I would like to try and encourage her to feel more comfortable. I find programs like this a good pseudo foreplay for both of us. In a perfect world we would watch a show with less of a plot and more sex/visual scenes. 

She has warmed up to shameless shows like “to hot to handle” in which 80% of the shows feature stunning men and women in bathing suits.

Any suggested from others that have had similar experiences?

Is there a genre of porn that had more of a plot? 

For the women who dislike porn, besides the fakeness, what is the objection? 

Thanks in advance for your feedback.


----------



## frusdil (Sep 5, 2013)

Our objection, quite frankly, is that the portrayal of the timeframe it takes for a plumber to arrive, is ridiculously unrealistic.
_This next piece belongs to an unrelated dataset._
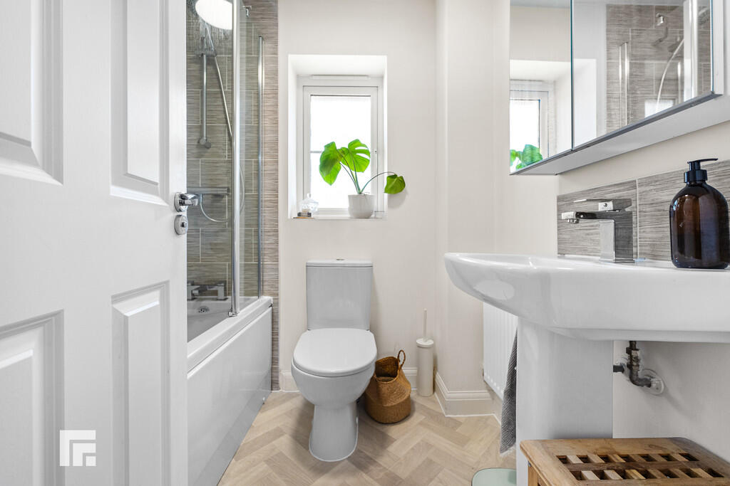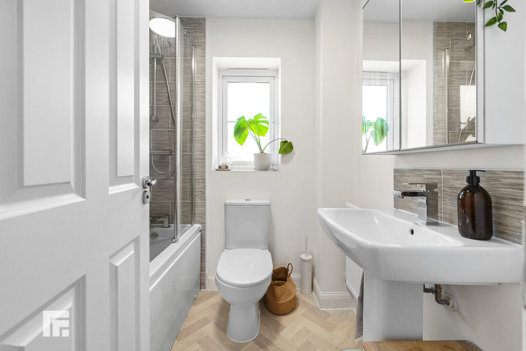 FAMILYBATHROOM5' 6" x 6' 2" (1.69m x 1.89m) Modern white suite; low level WC, pedestal wash hand basin with chrome mixer tap, bath with chrome mixer tap, glass shower screen and chrome shower. Tiled splash backs. Mirrored wall cabinet. Radiator. Extractor fan. Obscured glass window to rear.

It makes a mockery of plumbers the world over. Its offensive 😉


----------



## C.C. says ... (Aug 1, 2020)

For real. ^ takes no time for those plumbers to come in there and lay some pipe.

And they don’t leave the toilet seat up ... 🥴


----------



## Chaotic (Jul 6, 2013)

A couple years ago I watched a TV show (on HBO at the time) called Tell Me You Love Me. It focused on three couples who were in couples counseling, so it was more of a relationship drama series, but there was a lot of sex, too. It was not always a turn on, but a few episodes were.


----------



## BigDaddyNY (May 19, 2021)

Chaotic said:


> A couple years ago I watched a TV show (on HBO at the time) called Tell Me You Love Me. It focused on three couples who were in couples counseling, so it was more of a relationship drama series, but there was a lot of sex, too. It was not always a turn on, but a few episodes were.


We watched that series a few weeks ago. I thought it did a really good job of covering 3 different marital/relationship issues. And you are correct, some good sex scenes in there, but they played more to the story than just gratuitous sex.


----------